Roof allegedly sat in on a Bible study class for an hour before opening fire on the worshippers around him, and left some alive to tell about it afterwards.

"I watched it for 10 minutes, trying to convince myself this is just a nightmare, and I need to wake up," Cowles was quoted as saying in the Los Angeles Times. 

"None of us saw it coming, but here we are, and there's no turning back," said Cowles.

But Roof himself told investigators he wanted to start a race war, one law enforcement official told CNN Friday.

  'Flat out' warning of plan 

Friends of Roof say he had in fact talked of killing -- and even said when and where.

Christon Scriven, who is black, says Roof warned last week that on Wednesday -- the exact day of the shooting, in the end -- he wanted to kill people at a local college.

"He flat out told us he was going to do this stuff," Scriven told the New York Daily News. "He's weird. You don't know when to take him seriously and when not to."

Only the location of the killing turned out to be different.

Roof's roommate at the trailer park where they lived in the city of Lexington -- outside the state capital Columbia -- said he had been planning something awful.
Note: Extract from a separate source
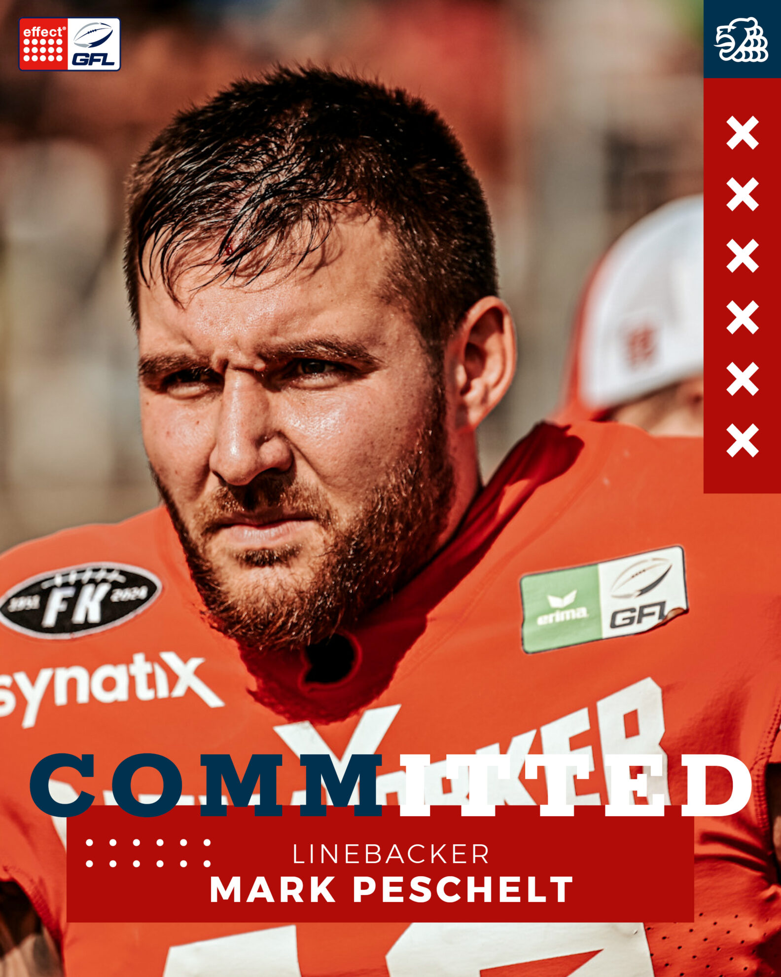 Mark Peschelt gehört seit 2010 zum Verein und begann seine Karriere bei den Junior Lions. Zunächst war der 32-Jährige als Wide Receiver aktiv und spielte bis 2022 für die Lions 2.

"He was big into segregation and other stuff," Dalton Tyler said.

"He said he wanted to start a civil war. He said he was going to do something like that and then kill himself."

But Joey Meek, a childhood friend of Roof, said he had black friends and was not in the habit of disparaging African Americans.

"He never said the n-word, he never made racial slurs, he never targeted a specific black person," Meek told ABC News. "He never did any of that, so it was just pretty much a shock."

But the time prior to Roof's alleged murder spree does suggest he was a troubled, biased person.

In a picture on his Facebook page, he is seen wearing a patch with the flag of apartheid-era South Africa and another of the flag of Rhodesia, the white-ruled country that eventually became Zimbabwe.

Roof dropped out of high school and was once arrested for possessing a drug used to treat addiction to opiates, news reports said.

His uncle was quoted as saying that in April, Roof got a .45 Glock gun from his father as a birthday present.

Two weeks ago, Roof went on a drunken rant about segregation and killing people, Meek said.

Meek took the gun away from Roof but gave it back the next day, he told the Daily News.

"I only took it away because he was drunk. I didn&rsquot take him seriously," Meek said. "I do feel a little guilty because I could have let someone know."